If Aztec’s rollup circuits and public VM circuits are optimised, the machine requirements for a prover should be possible to run at home e.g 16 cores + 32gb of ram.
Comparisons to other proposals
Cooperative proving network for Fernet
This protocol is a cooperative proving network and very similar to Cooperative proving network for Fernet.
It’s key differences are:
 This proposal enforces that the staking set for sequencers and provers is the same.
 This proposal elects a proving committee per block based on the low output VRF’s
 This proposal does not reward uncle proved blocks, instead it enforces an inactivity slash for elected provers who do not participate over a longer period.
 This proposal does not have a burn model attatched to it (even though burn models are awesome…)
 This proposal attempts to solve DA issues by either enforcing that a block will not become canonical without signoff from M/N provers, or by incentivising the sequencer more for each unique prover that participates. Both should serve to incentivise the sequencer to widley distribute proof data.
The VRF selection and fee burn model in Cooperative Proving network can be best thought of as a good alternative to Option 1 and Option 2 in this proposal of how to distribute work to provers via a VRF. It is likely the best bits from both proposals should be combined.
SideCar
This proposal is at the other end of the spectrum to SideCar. It removes all responsibility for putting a block on chain from the sequencer, after they have posted a block commitment. This seperation of concerns is beneficial for two reasons:
 To limit withholding attacks from the sequencer.
 To fight against centralising forces that arise from sequencers with large proving power, or rely on a specific proving entity. In this proposal, a small sequencer has access to the same proving power as a large sequencer, in a decnetralised fashion thanks to Fernet. This promotes liveness and censorship resistance compared to a sequencer being reliant on either:
 a large proving network controlled by the sequencer
 a proving market that could change / de platform Aztec
 a small set of large proving entities like L1 builders
 Seeks to better incentivse stakers, who in the current Fernet design will only produce a block every 7002800 days.
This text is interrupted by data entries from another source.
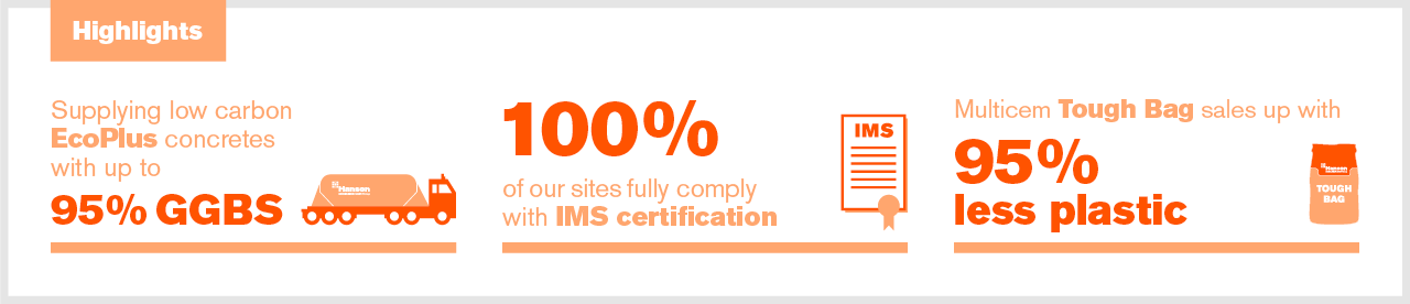 We have already exceeded the new global HeidelbergCement commitment to reduce the average CO2 within cementitious products to 525 kg/tonne by 2025 and to less than 500 kg/tonne of by 2030. By using our lower carbon cements in combination with Regen we are already achieving an average CO2 within our cementitious products at 418 kg/tonne as a national average. EPD's can be provided if our customers require a tailored low carbon solution for their project and are based on the best mix design that balances their performance and environmental impact needs.
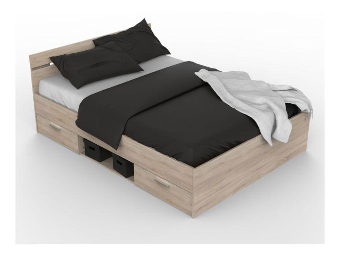 Elegantní postel Myriam s nádechem šarmu, je jako stvořená pro praktický domov. Své místo najde určitě v ložnici, ale také ve studentských či dětských pokojích. Využijte prostor v pokoji efektivně. Prostorná postel Myriam s plochou na spaní 160x200 cm disponuje dvěma zásuvkami a otevřeným odkládacím prostorem, které se nacházejí pod postelí. Zásuvky si umíte namontovat z pravé nebo levé strany. Vejdou se tam peřiny, hračky a vše, co nemusí zabírat místo ve skříni. Oblíbený, pevný a odolný materiál DTD laminovaná v elegantním provedení dub sonoma šikovně zapadne do všech interiérů, kde navodí stylové teplo a kouzlo domova.
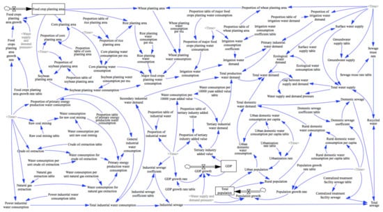 Then, the system dynamics model of the WEF nexus was built with the system dynamics Vensim software. Fully considering the internal correlation of the WEF nexus and combining the factors related to water resources in the external social subsystem, economic subsystem, and eco-environmental subsystem, the water subsystem was selected as the model core, and then the stock and flow diagram of the WEF nexus was created by integrating and modifying the above-mentioned subsystems, which not only show the type and property of each variable, but also show the specific situation of each variable changing over time. The specific stock and flow diagram is shown in Figure 5.

Side car does have some advantages:
 Sidecar may use compute more efficiently, but at the cost of liveness
 Sidecar is easier to build
 Sidecar will be better if the publicVM proof dominates and needs very large machines, i.e 128gb ram, and 64cores, however IMO this would be a failure and not promote decentralisation as Aztec proofs must run in a data centre.
Outstanding questions
Public VM benchmarks
This design, like other designs, has a big unknown on the benchmarks of the public VM. Given public VM proofs will dominate proof construction, machines will need to be sized to match this.
Assumptions
Throughput: 10 tx/s
Blocktime: 600 seconds
VM proofs per tx: 2
VM proof time: 10s
Machines required: ~400
Numbers taken from this model.
Optional Add On : BLS Validation Training Wheel
The proving committee concept can further be extended to define a BLS Validation Training Wheel. This would further reuse the same staking set, while the training wheel is active. The proving committee must also provide a signature over the blocks state transition.